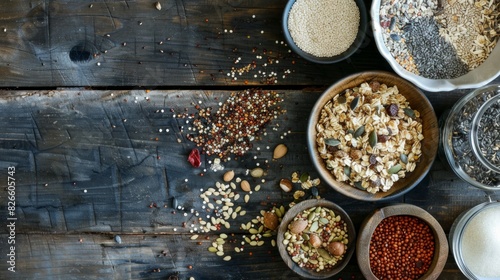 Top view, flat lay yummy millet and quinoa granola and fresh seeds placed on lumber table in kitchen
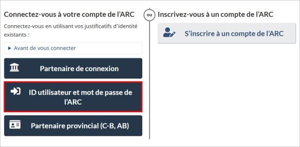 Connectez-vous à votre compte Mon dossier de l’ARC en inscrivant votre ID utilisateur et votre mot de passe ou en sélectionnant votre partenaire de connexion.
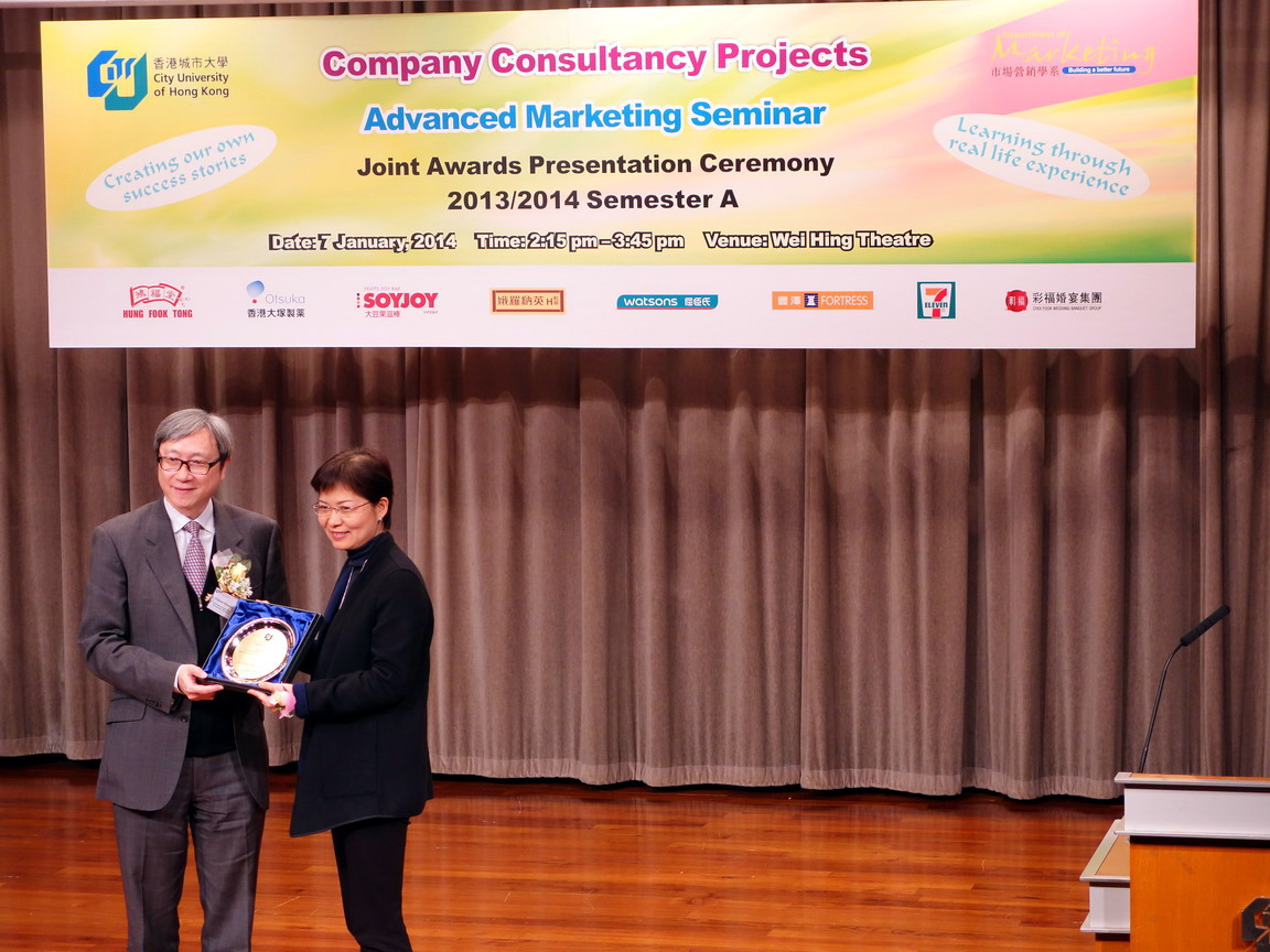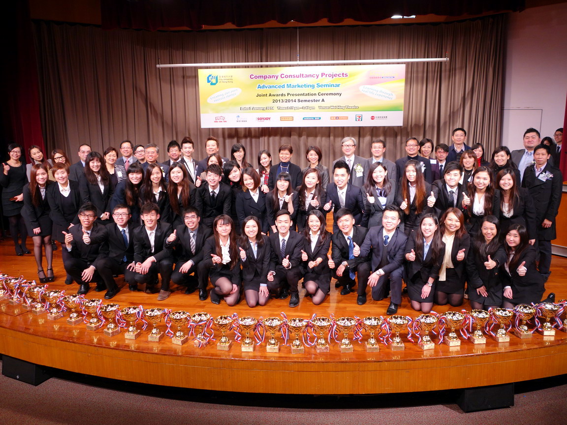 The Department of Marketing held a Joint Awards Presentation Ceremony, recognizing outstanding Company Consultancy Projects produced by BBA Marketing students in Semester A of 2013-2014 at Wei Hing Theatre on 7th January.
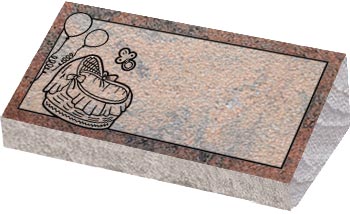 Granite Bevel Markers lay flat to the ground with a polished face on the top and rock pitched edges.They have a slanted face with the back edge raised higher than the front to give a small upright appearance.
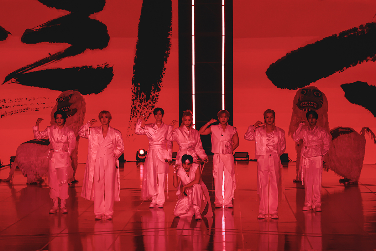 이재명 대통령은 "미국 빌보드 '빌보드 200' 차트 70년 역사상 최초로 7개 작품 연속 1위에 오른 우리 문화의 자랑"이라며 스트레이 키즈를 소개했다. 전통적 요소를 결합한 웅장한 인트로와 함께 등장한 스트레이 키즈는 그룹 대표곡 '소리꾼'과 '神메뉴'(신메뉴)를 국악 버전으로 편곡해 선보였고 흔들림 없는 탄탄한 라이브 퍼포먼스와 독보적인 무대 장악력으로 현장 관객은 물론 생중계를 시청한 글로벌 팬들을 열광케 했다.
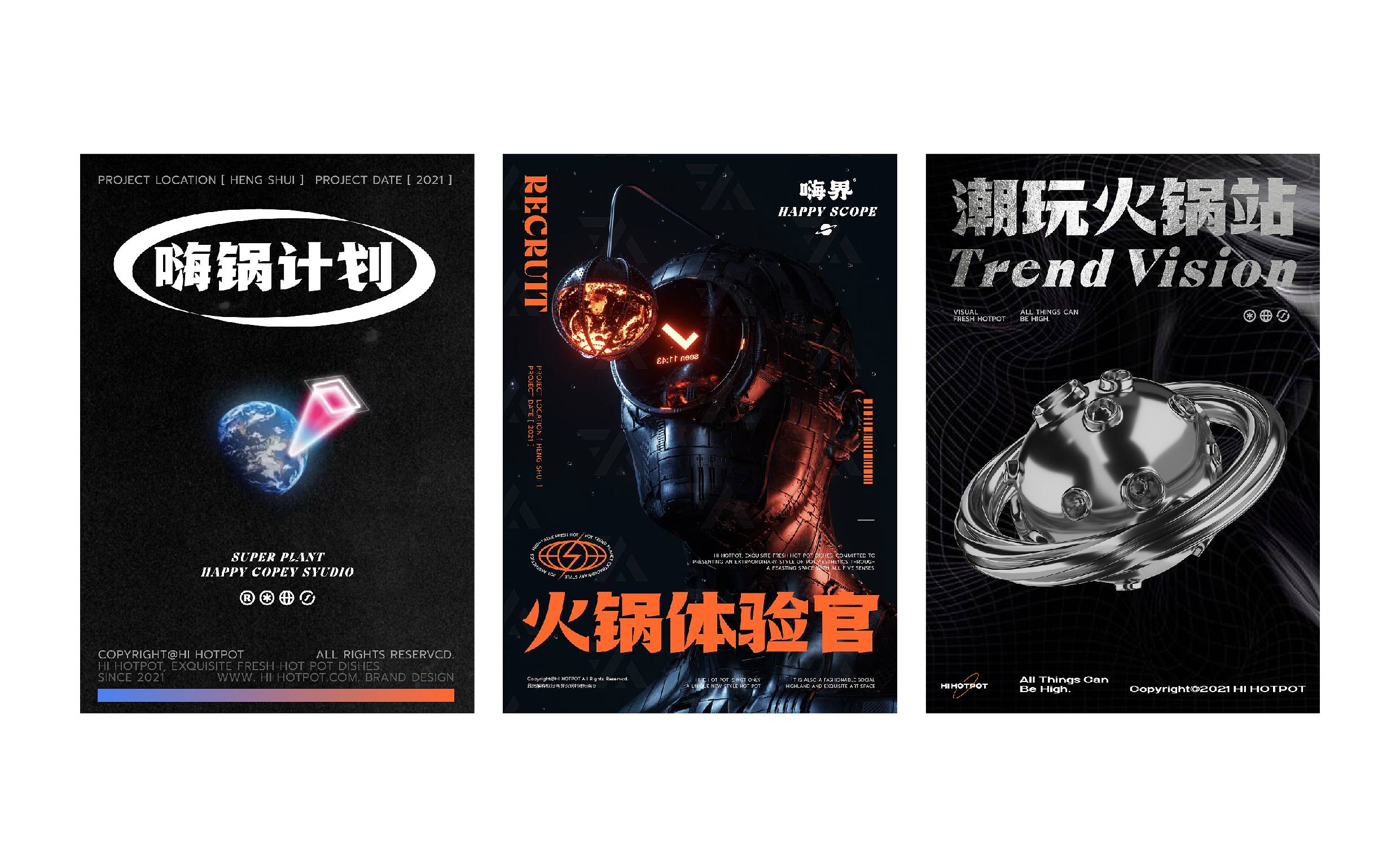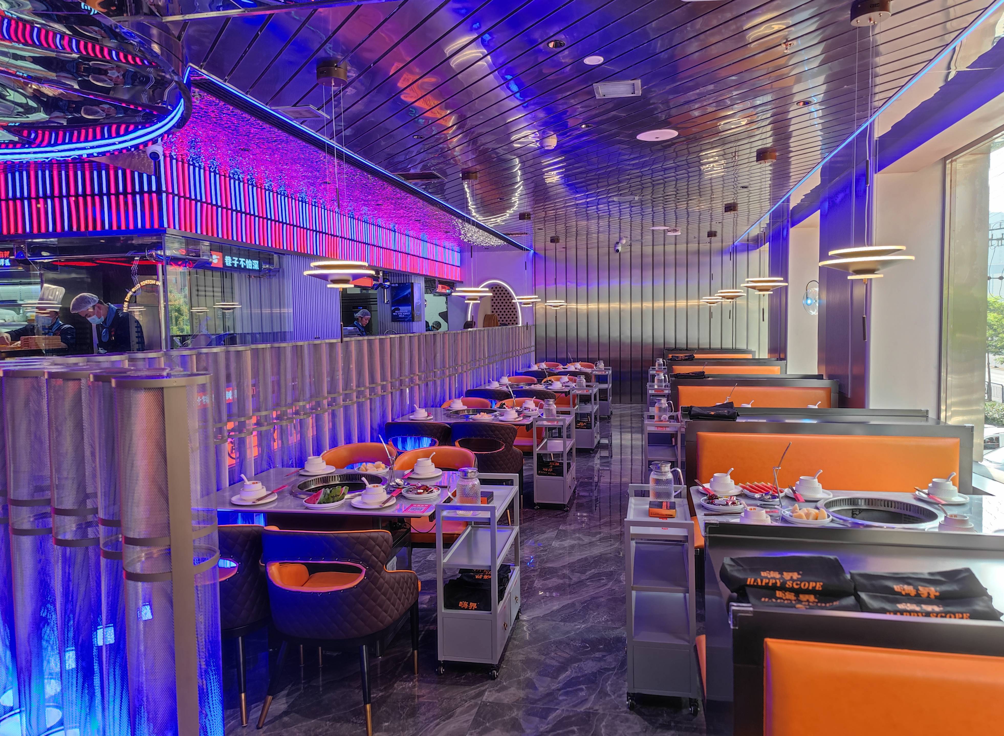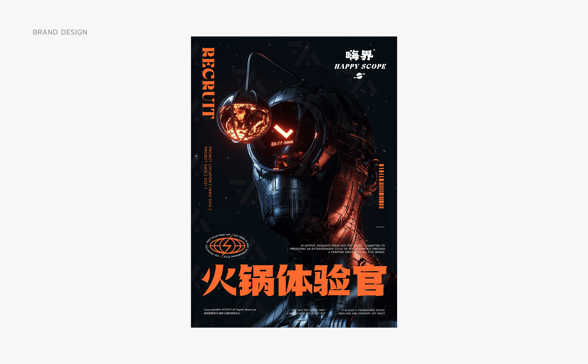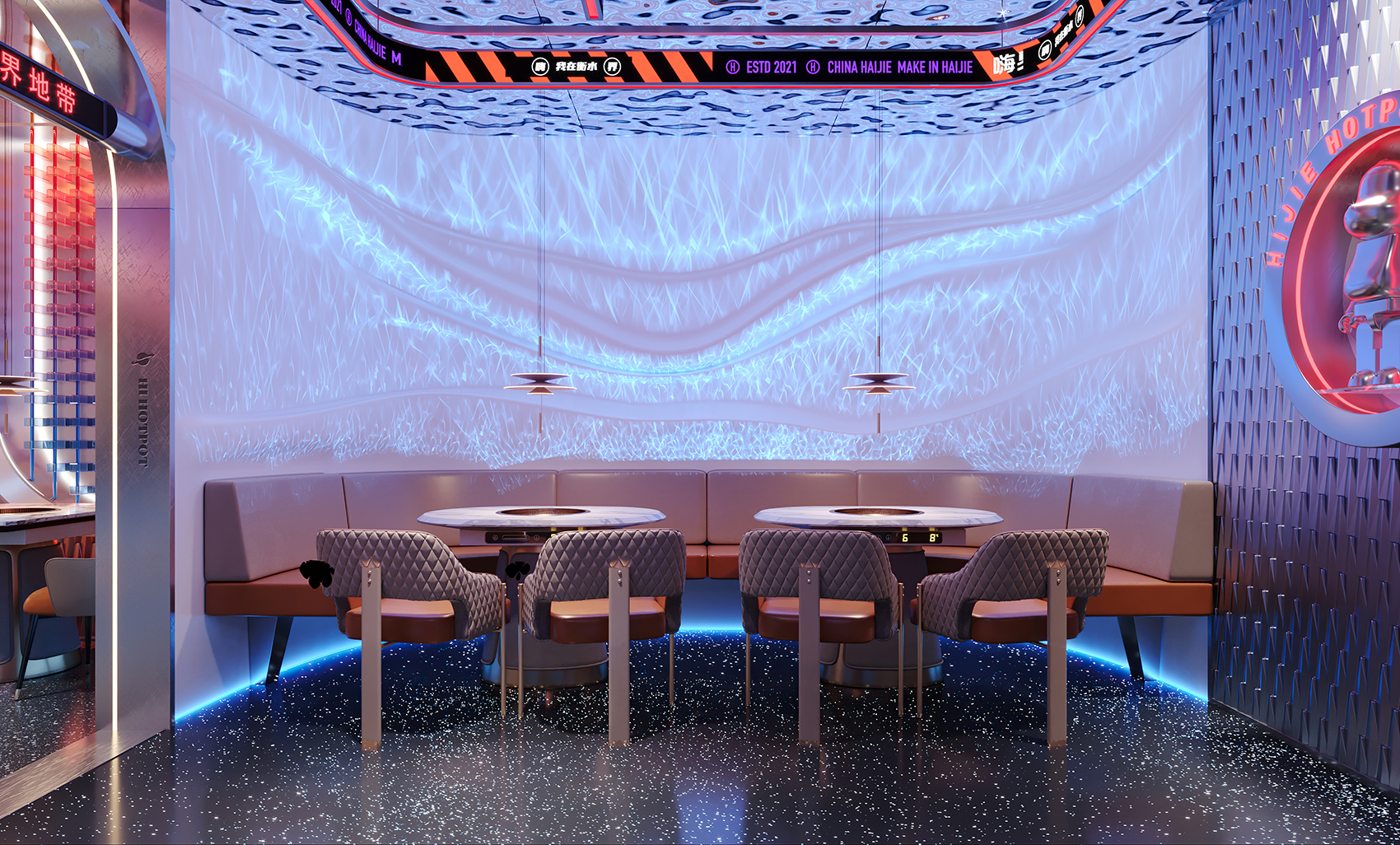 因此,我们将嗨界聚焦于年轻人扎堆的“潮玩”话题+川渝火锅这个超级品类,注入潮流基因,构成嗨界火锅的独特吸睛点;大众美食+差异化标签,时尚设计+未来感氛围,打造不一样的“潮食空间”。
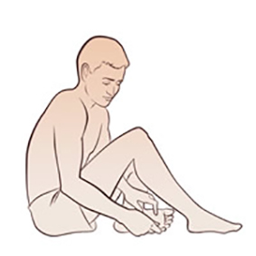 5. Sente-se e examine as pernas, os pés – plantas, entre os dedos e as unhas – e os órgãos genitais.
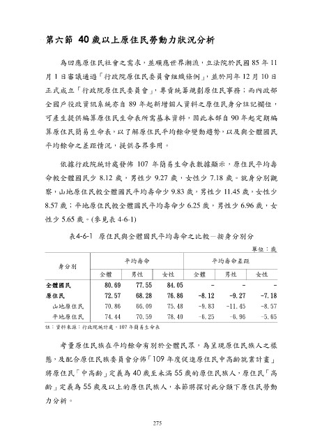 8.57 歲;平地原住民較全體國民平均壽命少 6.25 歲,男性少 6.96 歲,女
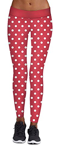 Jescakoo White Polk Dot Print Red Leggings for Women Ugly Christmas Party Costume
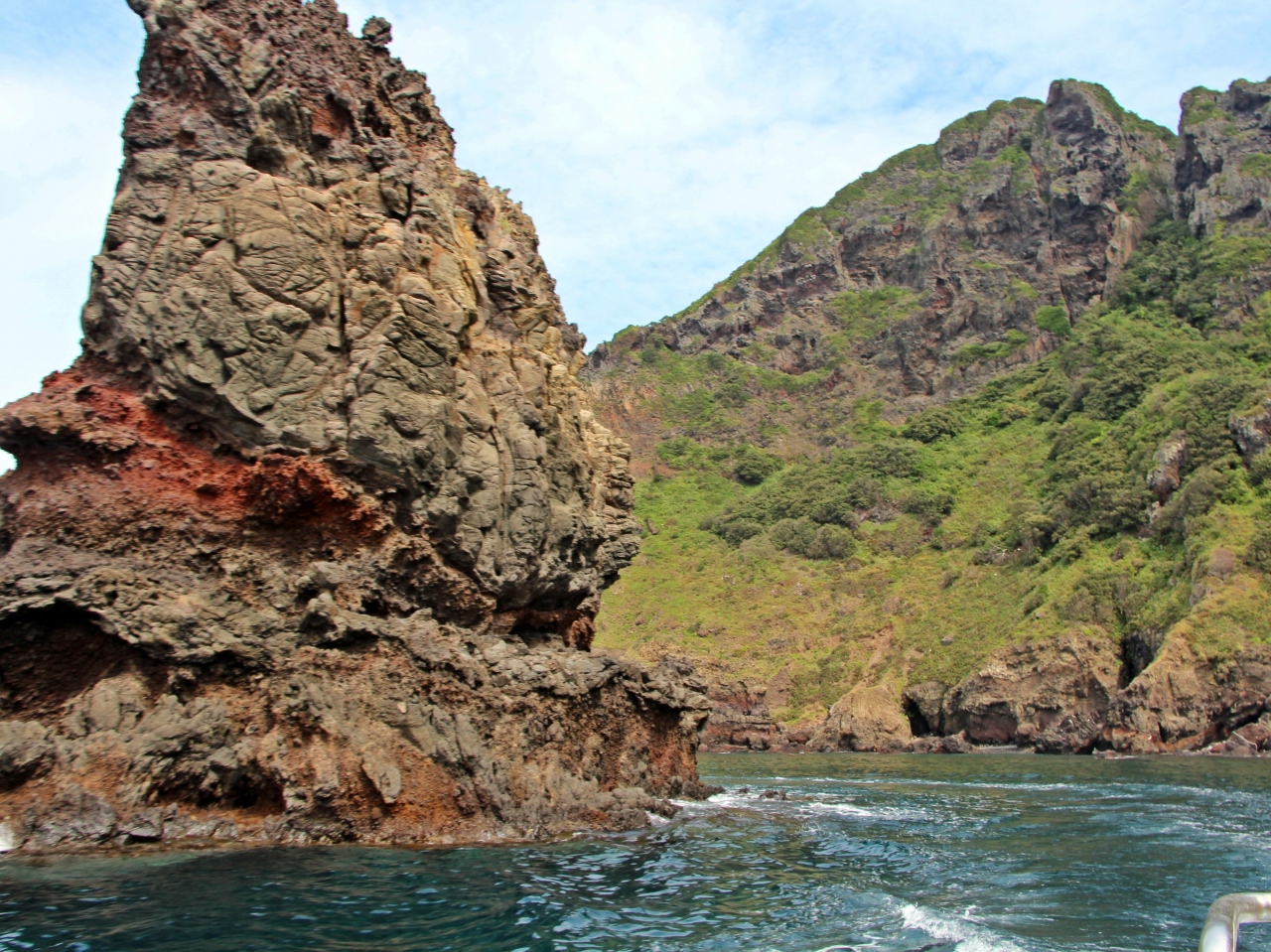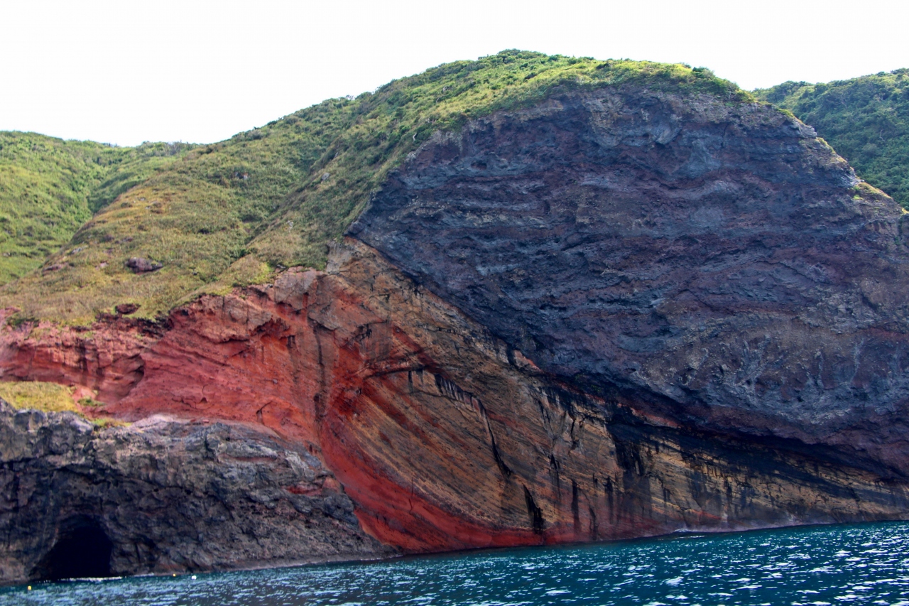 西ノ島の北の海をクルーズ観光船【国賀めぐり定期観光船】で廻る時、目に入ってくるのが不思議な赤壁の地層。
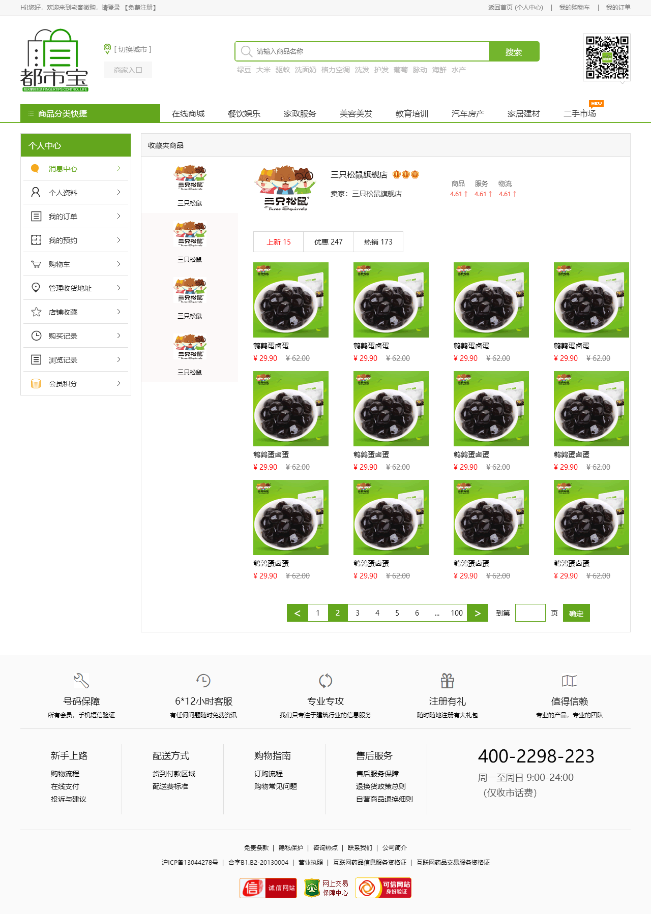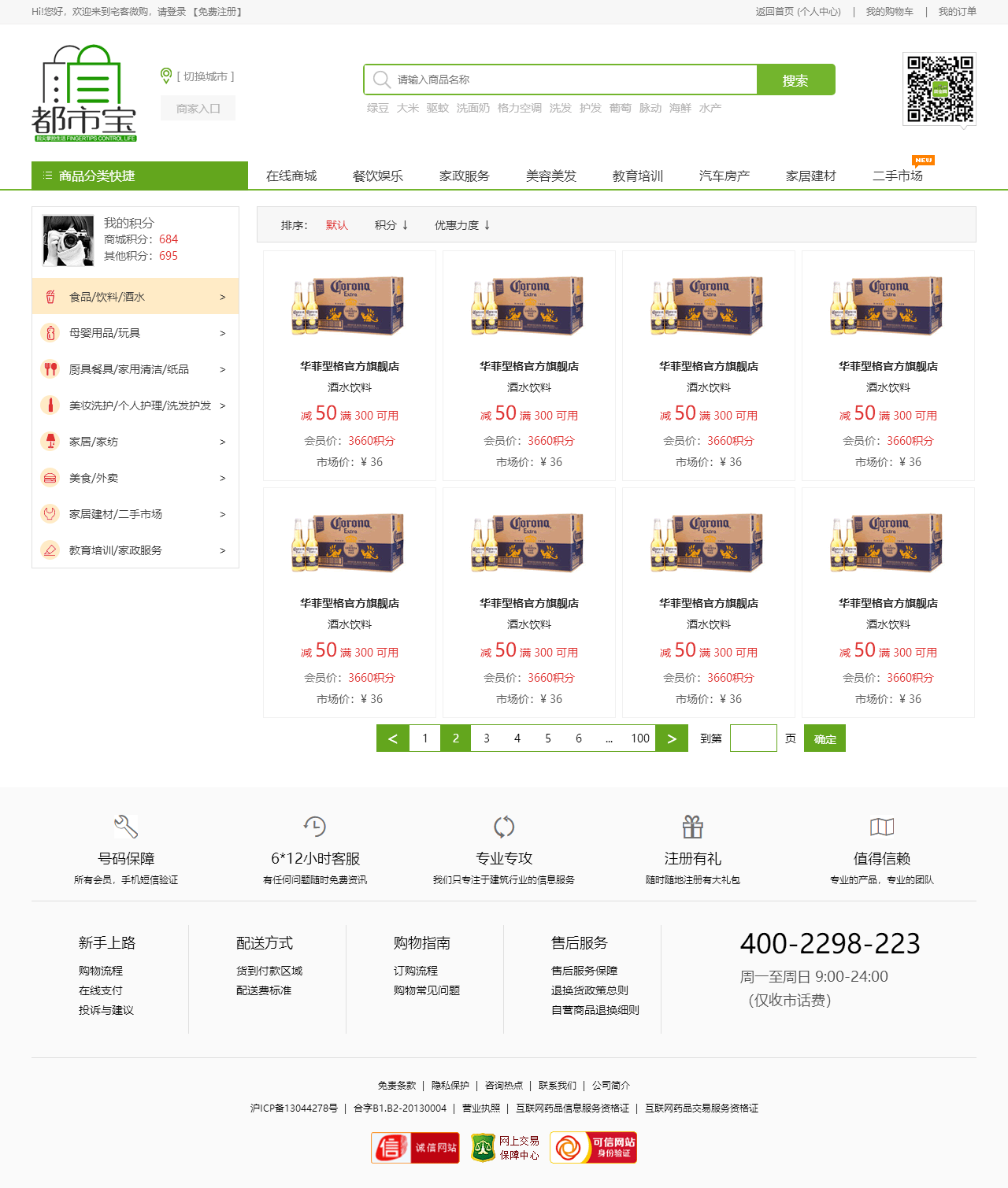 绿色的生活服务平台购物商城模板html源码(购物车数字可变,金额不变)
######
• **Exercise**: Starting from the line where "팬들을 열광케 했다." appears, copy every line through the end of the material, both ends included, but no pictures.

• **Answer to this task**:
 이재명 대통령은 "미국 빌보드 '빌보드 200' 차트 70년 역사상 최초로 7개 작품 연속 1위에 오른 우리 문화의 자랑"이라며 스트레이 키즈를 소개했다. 전통적 요소를 결합한 웅장한 인트로와 함께 등장한 스트레이 키즈는 그룹 대표곡 '소리꾼'과 '神메뉴'(신메뉴)를 국악 버전으로 편곡해 선보였고 흔들림 없는 탄탄한 라이브 퍼포먼스와 독보적인 무대 장악력으로 현장 관객은 물론 생중계를 시청한 글로벌 팬들을 열광케 했다.
 因此,我们将嗨界聚焦于年轻人扎堆的“潮玩”话题+川渝火锅这个超级品类,注入潮流基因,构成嗨界火锅的独特吸睛点;大众美食+差异化标签,时尚设计+未来感氛围,打造不一样的“潮食空间”。
 5. Sente-se e examine as pernas, os pés – plantas, entre os dedos e as unhas – e os órgãos genitais.
 8.57 歲;平地原住民較全體國民平均壽命少 6.25 歲,男性少 6.96 歲,女
 Jescakoo White Polk Dot Print Red Leggings for Women Ugly Christmas Party Costume
 西ノ島の北の海をクルーズ観光船【国賀めぐり定期観光船】で廻る時、目に入ってくるのが不思議な赤壁の地層。
 绿色的生活服务平台购物商城模板html源码(购物车数字可变,金额不变)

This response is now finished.